### Data extract
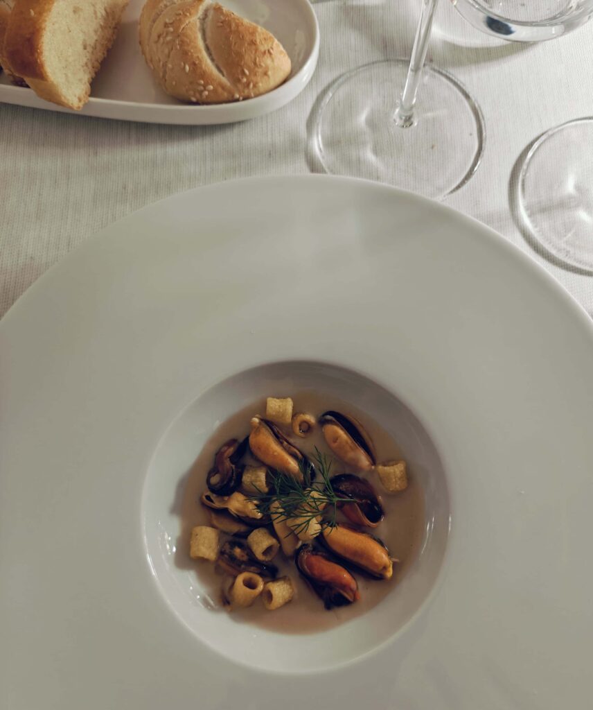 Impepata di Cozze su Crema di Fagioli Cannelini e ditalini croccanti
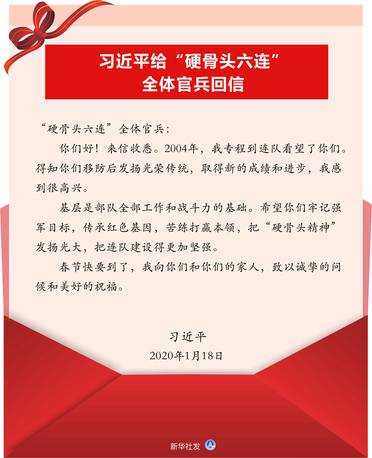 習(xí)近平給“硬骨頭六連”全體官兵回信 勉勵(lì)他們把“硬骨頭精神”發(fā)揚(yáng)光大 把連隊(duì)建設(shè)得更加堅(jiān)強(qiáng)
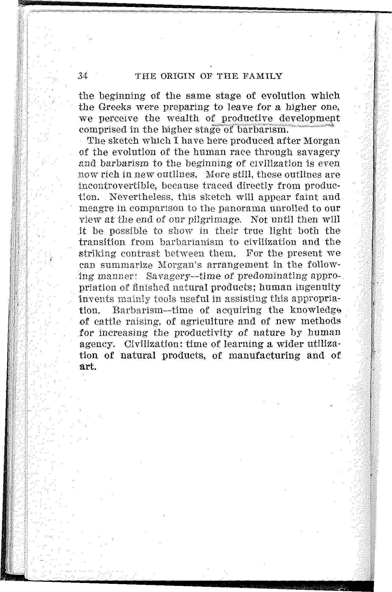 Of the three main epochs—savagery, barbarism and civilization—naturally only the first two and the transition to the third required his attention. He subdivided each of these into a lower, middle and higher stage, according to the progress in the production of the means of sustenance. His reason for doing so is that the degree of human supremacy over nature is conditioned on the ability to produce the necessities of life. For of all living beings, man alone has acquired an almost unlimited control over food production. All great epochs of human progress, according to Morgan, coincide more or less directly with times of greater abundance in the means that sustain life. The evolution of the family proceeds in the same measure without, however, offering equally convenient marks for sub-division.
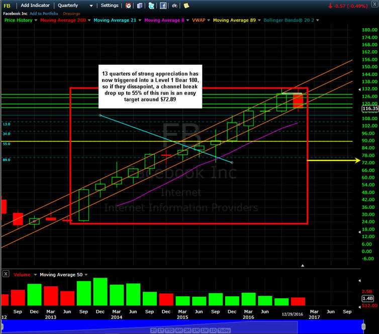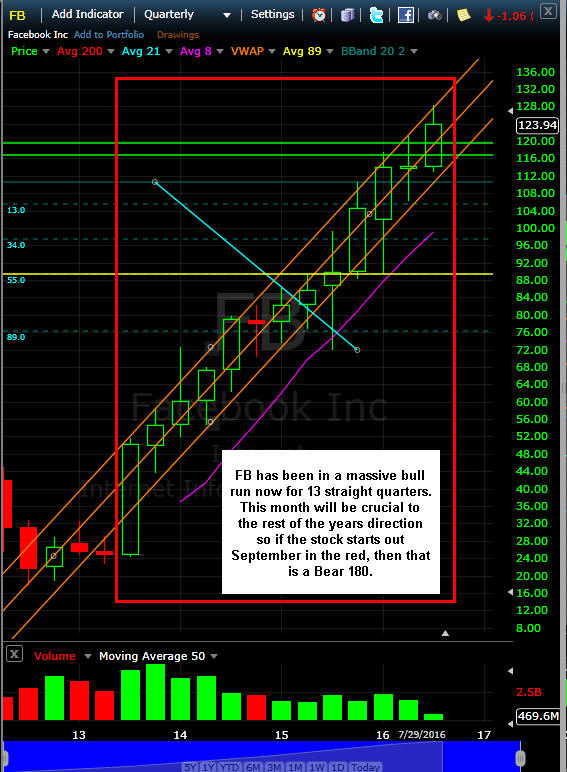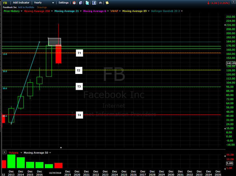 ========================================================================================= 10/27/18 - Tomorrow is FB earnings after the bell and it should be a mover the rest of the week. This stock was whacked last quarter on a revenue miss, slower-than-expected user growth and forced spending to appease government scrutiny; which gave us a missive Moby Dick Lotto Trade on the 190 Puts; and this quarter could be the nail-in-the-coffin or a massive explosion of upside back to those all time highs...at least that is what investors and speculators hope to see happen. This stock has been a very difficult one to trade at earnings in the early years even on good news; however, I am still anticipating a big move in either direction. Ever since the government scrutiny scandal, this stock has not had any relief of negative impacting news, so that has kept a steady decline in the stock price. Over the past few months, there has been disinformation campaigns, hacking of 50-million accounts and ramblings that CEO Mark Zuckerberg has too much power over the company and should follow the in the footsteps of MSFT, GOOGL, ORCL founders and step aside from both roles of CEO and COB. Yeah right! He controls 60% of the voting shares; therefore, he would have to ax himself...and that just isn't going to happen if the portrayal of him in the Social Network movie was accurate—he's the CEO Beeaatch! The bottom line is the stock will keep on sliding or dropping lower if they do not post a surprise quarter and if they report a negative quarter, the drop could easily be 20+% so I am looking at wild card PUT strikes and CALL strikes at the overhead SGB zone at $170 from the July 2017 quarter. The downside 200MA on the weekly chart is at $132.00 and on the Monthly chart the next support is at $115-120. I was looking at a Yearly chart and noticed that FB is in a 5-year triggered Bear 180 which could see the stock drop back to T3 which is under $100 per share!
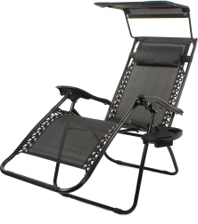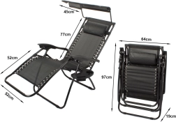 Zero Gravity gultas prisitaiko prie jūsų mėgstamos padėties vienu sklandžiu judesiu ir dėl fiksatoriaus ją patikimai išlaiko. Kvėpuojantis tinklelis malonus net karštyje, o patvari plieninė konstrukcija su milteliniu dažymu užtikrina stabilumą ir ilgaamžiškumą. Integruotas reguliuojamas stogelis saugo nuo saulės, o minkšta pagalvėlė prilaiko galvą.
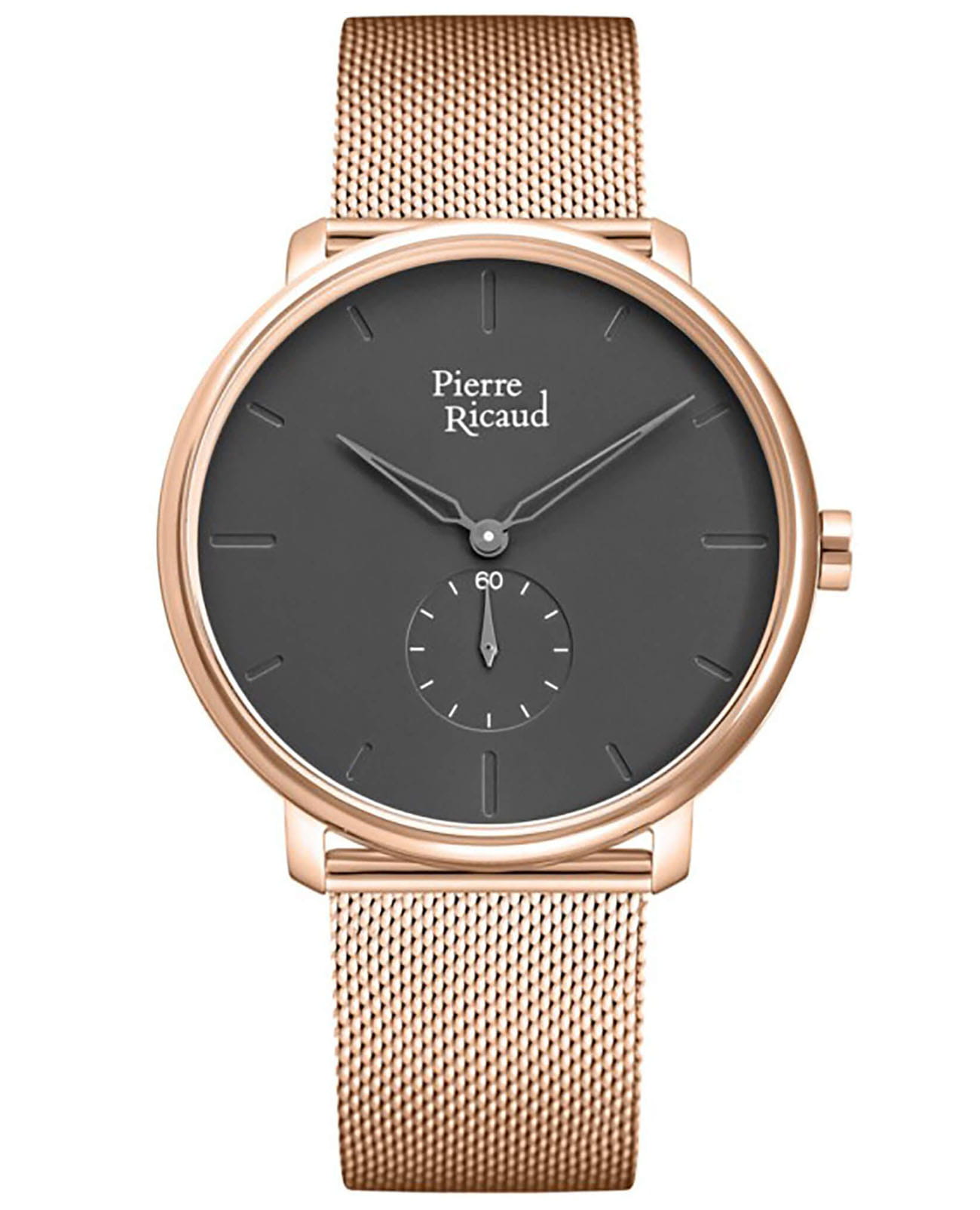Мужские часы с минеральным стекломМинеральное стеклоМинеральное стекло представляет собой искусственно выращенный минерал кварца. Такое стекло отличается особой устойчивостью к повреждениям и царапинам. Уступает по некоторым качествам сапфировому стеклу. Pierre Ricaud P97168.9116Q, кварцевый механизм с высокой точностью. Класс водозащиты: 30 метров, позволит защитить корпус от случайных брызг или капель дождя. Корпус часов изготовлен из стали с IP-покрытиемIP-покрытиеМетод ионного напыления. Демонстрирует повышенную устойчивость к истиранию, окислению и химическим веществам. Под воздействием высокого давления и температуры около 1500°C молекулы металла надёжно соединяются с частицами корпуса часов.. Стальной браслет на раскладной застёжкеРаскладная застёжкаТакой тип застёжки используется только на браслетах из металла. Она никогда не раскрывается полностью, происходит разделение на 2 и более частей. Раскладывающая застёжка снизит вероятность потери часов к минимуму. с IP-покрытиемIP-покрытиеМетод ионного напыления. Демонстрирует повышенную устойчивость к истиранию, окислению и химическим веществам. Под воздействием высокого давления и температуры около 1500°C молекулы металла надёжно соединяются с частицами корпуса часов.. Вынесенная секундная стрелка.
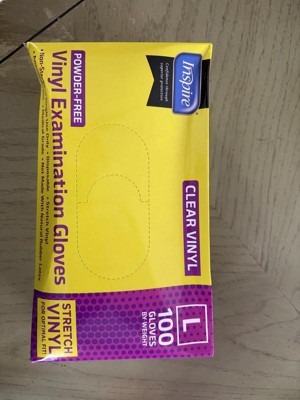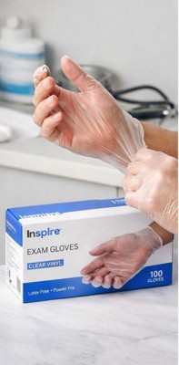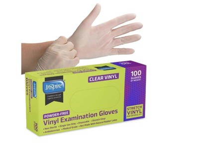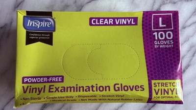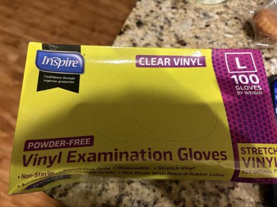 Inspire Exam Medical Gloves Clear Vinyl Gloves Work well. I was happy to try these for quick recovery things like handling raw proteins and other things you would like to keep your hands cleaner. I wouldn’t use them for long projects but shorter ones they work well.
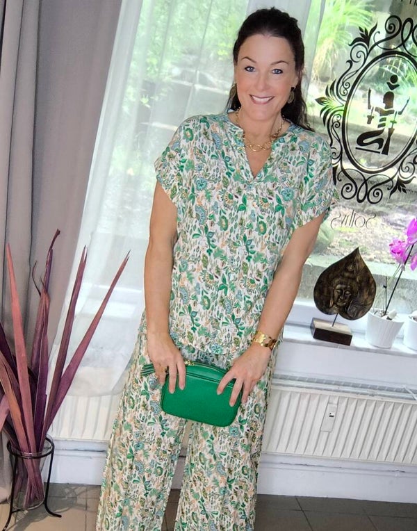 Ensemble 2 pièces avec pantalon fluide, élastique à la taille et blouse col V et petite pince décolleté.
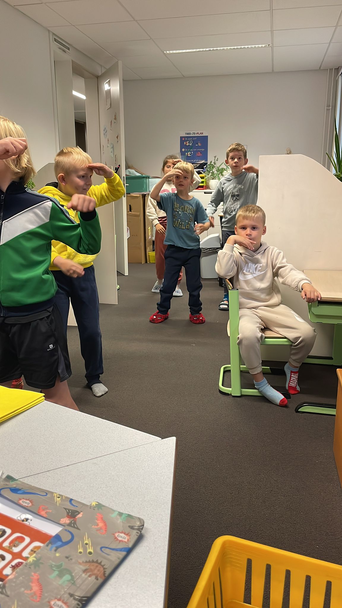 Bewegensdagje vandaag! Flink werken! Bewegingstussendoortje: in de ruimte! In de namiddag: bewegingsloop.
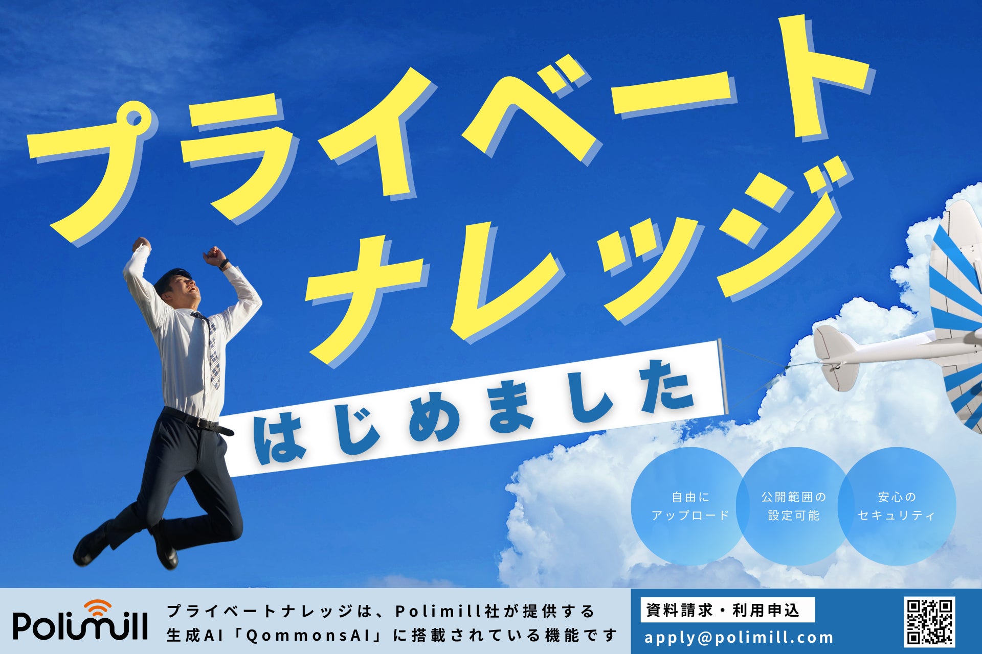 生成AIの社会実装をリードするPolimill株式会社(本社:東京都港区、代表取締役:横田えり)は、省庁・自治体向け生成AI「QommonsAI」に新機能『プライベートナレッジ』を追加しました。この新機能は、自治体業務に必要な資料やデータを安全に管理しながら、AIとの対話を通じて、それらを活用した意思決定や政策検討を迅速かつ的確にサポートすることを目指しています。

### Work request
Copy each entry exactly as written. Images should not appear in the copy.

### Response area
 Impepata di Cozze su Crema di Fagioli Cannelini e ditalini croccanti
 習(xí)近平給“硬骨頭六連”全體官兵回信 勉勵(lì)他們把“硬骨頭精神”發(fā)揚(yáng)光大 把連隊(duì)建設(shè)得更加堅(jiān)強(qiáng)
 Of the three main epochs—savagery, barbarism and civilization—naturally only the first two and the transition to the third required his attention. He subdivided each of these into a lower, middle and higher stage, according to the progress in the production of the means of sustenance. His reason for doing so is that the degree of human supremacy over nature is conditioned on the ability to produce the necessities of life. For of all living beings, man alone has acquired an almost unlimited control over food production. All great epochs of human progress, according to Morgan, coincide more or less directly with times of greater abundance in the means that sustain life. The evolution of the family proceeds in the same measure without, however, offering equally convenient marks for sub-division.
 ========================================================================================= 10/27/18 - Tomorrow is FB earnings after the bell and it should be a mover the rest of the week. This stock was whacked last quarter on a revenue miss, slower-than-expected user growth and forced spending to appease government scrutiny; which gave us a missive Moby Dick Lotto Trade on the 190 Puts; and this quarter could be the nail-in-the-coffin or a massive explosion of upside back to those all time highs...at least that is what investors and speculators hope to see happen. This stock has been a very difficult one to trade at earnings in the early years even on good news; however, I am still anticipating a big move in either direction. Ever since the government scrutiny scandal, this stock has not had any relief of negative impacting news, so that has kept a steady decline in the stock price. Over the past few months, there has been disinformation campaigns, hacking of 50-million accounts and ramblings that CEO Mark Zuckerberg has too much power over the company and should follow the in the footsteps of MSFT, GOOGL, ORCL founders and step aside from both roles of CEO and COB. Yeah right! He controls 60% of the voting shares; therefore, he would have to ax himself...and that just isn't going to happen if the portrayal of him in the Social Network movie was accurate—he's the CEO Beeaatch! The bottom line is the stock will keep on sliding or dropping lower if they do not post a surprise quarter and if they report a negative quarter, the drop could easily be 20+% so I am looking at wild card PUT strikes and CALL strikes at the overhead SGB zone at $170 from the July 2017 quarter. The downside 200MA on the weekly chart is at $132.00 and on the Monthly chart the next support is at $115-120. I was looking at a Yearly chart and noticed that FB is in a 5-year triggered Bear 180 which could see the stock drop back to T3 which is under $100 per share!
 Zero Gravity gultas prisitaiko prie jūsų mėgstamos padėties vienu sklandžiu judesiu ir dėl fiksatoriaus ją patikimai išlaiko. Kvėpuojantis tinklelis malonus net karštyje, o patvari plieninė konstrukcija su milteliniu dažymu užtikrina stabilumą ir ilgaamžiškumą. Integruotas reguliuojamas stogelis saugo nuo saulės, o minkšta pagalvėlė prilaiko galvą.
Мужские часы с минеральным стекломМинеральное стеклоМинеральное стекло представляет собой искусственно выращенный минерал кварца. Такое стекло отличается особой устойчивостью к повреждениям и царапинам. Уступает по некоторым качествам сапфировому стеклу. Pierre Ricaud P97168.9116Q, кварцевый механизм с высокой точностью. Класс водозащиты: 30 метров, позволит защитить корпус от случайных брызг или капель дождя. Корпус часов изготовлен из стали с IP-покрытиемIP-покрытиеМетод ионного напыления. Демонстрирует повышенную устойчивость к истиранию, окислению и химическим веществам. Под воздействием высокого давления и температуры около 1500°C молекулы металла надёжно соединяются с частицами корпуса часов.. Стальной браслет на раскладной застёжкеРаскладная застёжкаТакой тип застёжки используется только на браслетах из металла. Она никогда не раскрывается полностью, происходит разделение на 2 и более частей. Раскладывающая застёжка снизит вероятность потери часов к минимуму. с IP-покрытиемIP-покрытиеМетод ионного напыления. Демонстрирует повышенную устойчивость к истиранию, окислению и химическим веществам. Под воздействием высокого давления и температуры около 1500°C молекулы металла надёжно соединяются с частицами корпуса часов.. Вынесенная секундная стрелка.
 Inspire Exam Medical Gloves Clear Vinyl Gloves Work well. I was happy to try these for quick recovery things like handling raw proteins and other things you would like to keep your hands cleaner. I wouldn’t use them for long projects but shorter ones they work well.
 Ensemble 2 pièces avec pantalon fluide, élastique à la taille et blouse col V et petite pince décolleté.
 Bewegensdagje vandaag! Flink werken! Bewegingstussendoortje: in de ruimte! In de namiddag: bewegingsloop.
 生成AIの社会実装をリードするPolimill株式会社(本社:東京都港区、代表取締役:横田えり)は、省庁・自治体向け生成AI「QommonsAI」に新機能『プライベートナレッジ』を追加しました。この新機能は、自治体業務に必要な資料やデータを安全に管理しながら、AIとの対話を通じて、それらを活用した意思決定や政策検討を迅速かつ的確にサポートすることを目指しています。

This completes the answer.